*Dataset content*:
___

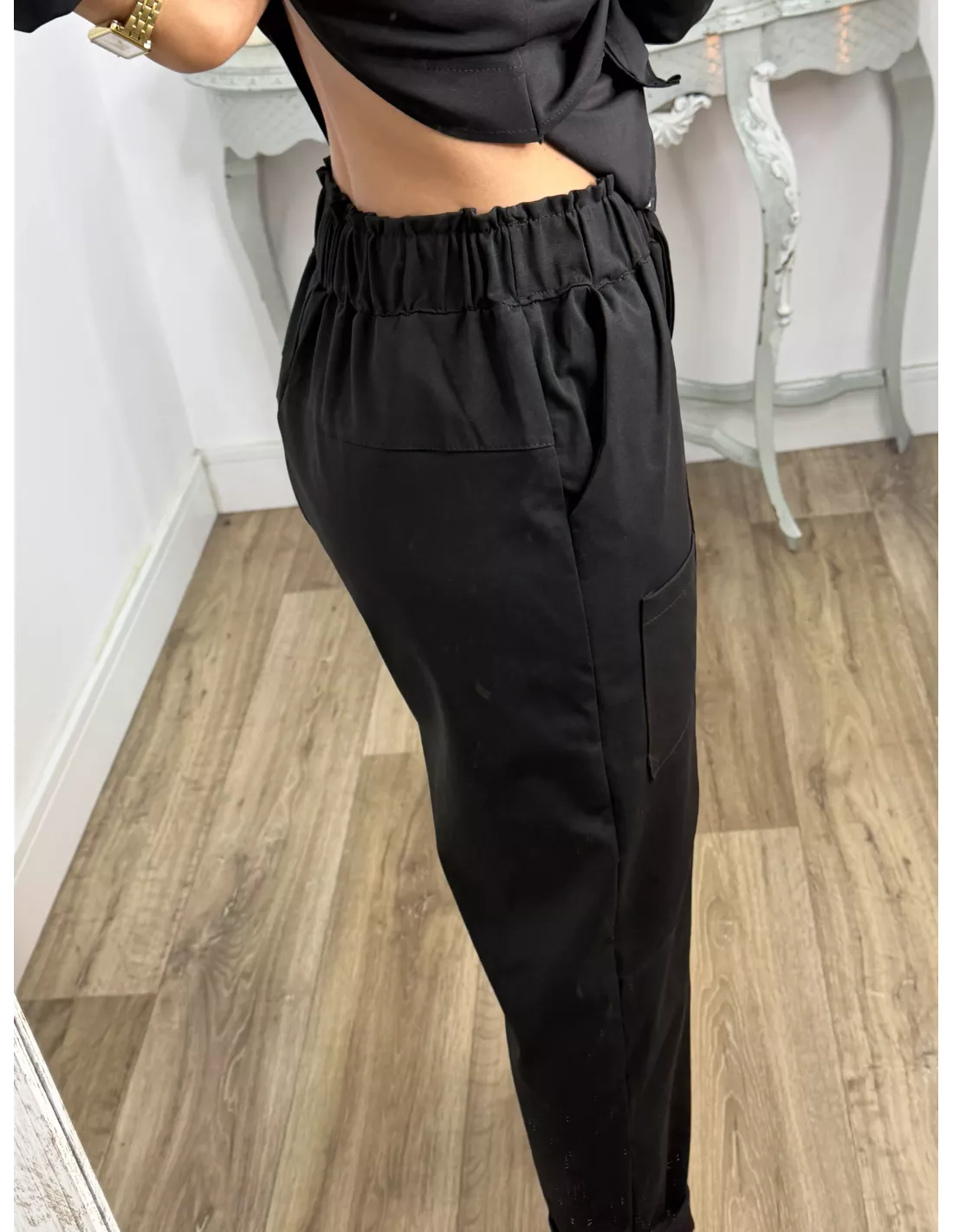 -Pantalón: cintura 38 cm, cadera 49 cm, largo 97 cm
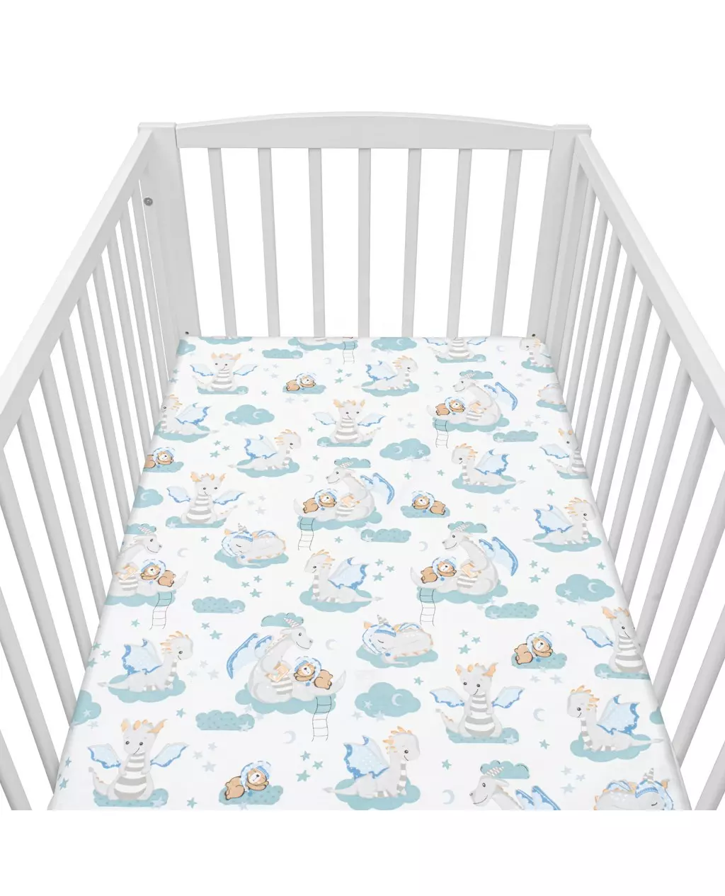 Maak de babykamer compleet met de New Baby wiegdeken voorzien van een betoverend drakenpatroon en wolkenprint. Dit hoeslakentje van 120x60 cm is speciaal ontworpen voor het babybedje en biedt een zachte, comfortabele ondergrond die perfect is voor de gevoelige huid van je kleintje. Het vrolijke ontwerp stimuleert de fantasie en voegt een speels accent toe aan iedere babykamer.
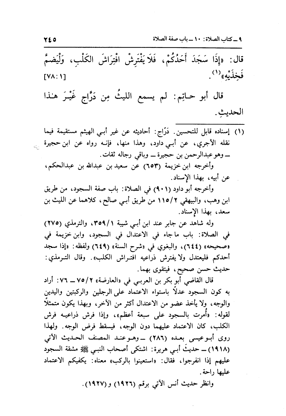 قال القاضي أبو بكر بن العربي في العارضة 2/75-76: أراد به كون السجود عدلاً باستواء الاعتماد على الرجلين والركبتين واليدين والوجه، ولا يأخذ عضو من الاعتدال أكثر من الآخر، وبهذا يكون متمثلاً لقوله: "أمرت بالسجود على سبعة أعظم"، وإذا فرش ذراعيه فرش الكلب، كان الاعتماد عليهما دون الوجه، فيسقط فرض الوجه. ولهذا روى أبو عيسى بعده "286" –وهو عند المصنف الحديث الآتي "1918" - حديث أبي هريرة: اشتكى أصحاب النبي صلى الله عليه وسلم مشقة السجود عليهم إذا انفرجوا، فقال: "استعينوا بالركب" معناه: يكفيكم الاعتماد عليها راحة.
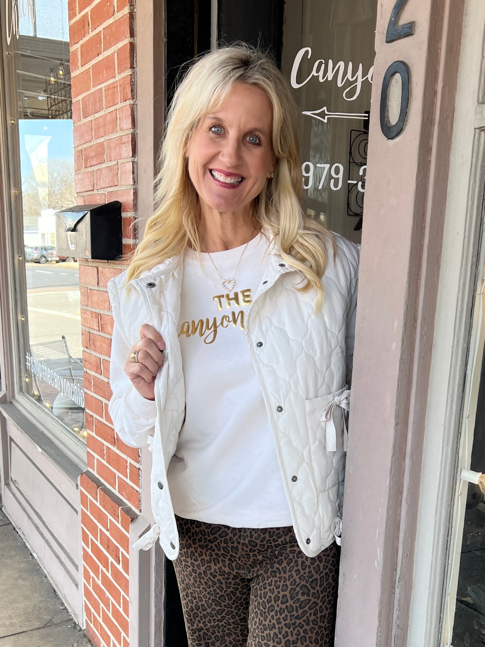 Check out our new TCC Gold custom sweatshirt with magic puff THE CANYON CHICK stacked graphic: stay warm and rep your favorite boutique!

___

*Task instructions*: Pictures are to be left out; all other data must be returned exactly.

*Solution to this exercise*:
 -Pantalón: cintura 38 cm, cadera 49 cm, largo 97 cm
 Maak de babykamer compleet met de New Baby wiegdeken voorzien van een betoverend drakenpatroon en wolkenprint. Dit hoeslakentje van 120x60 cm is speciaal ontworpen voor het babybedje en biedt een zachte, comfortabele ondergrond die perfect is voor de gevoelige huid van je kleintje. Het vrolijke ontwerp stimuleert de fantasie en voegt een speels accent toe aan iedere babykamer.
 قال القاضي أبو بكر بن العربي في العارضة 2/75-76: أراد به كون السجود عدلاً باستواء الاعتماد على الرجلين والركبتين واليدين والوجه، ولا يأخذ عضو من الاعتدال أكثر من الآخر، وبهذا يكون متمثلاً لقوله: "أمرت بالسجود على سبعة أعظم"، وإذا فرش ذراعيه فرش الكلب، كان الاعتماد عليهما دون الوجه، فيسقط فرض الوجه. ولهذا روى أبو عيسى بعده "286" –وهو عند المصنف الحديث الآتي "1918" - حديث أبي هريرة: اشتكى أصحاب النبي صلى الله عليه وسلم مشقة السجود عليهم إذا انفرجوا، فقال: "استعينوا بالركب" معناه: يكفيكم الاعتماد عليها راحة.
 Check out our new TCC Gold custom sweatshirt with magic puff THE CANYON CHICK stacked graphic: stay warm and rep your favorite boutique!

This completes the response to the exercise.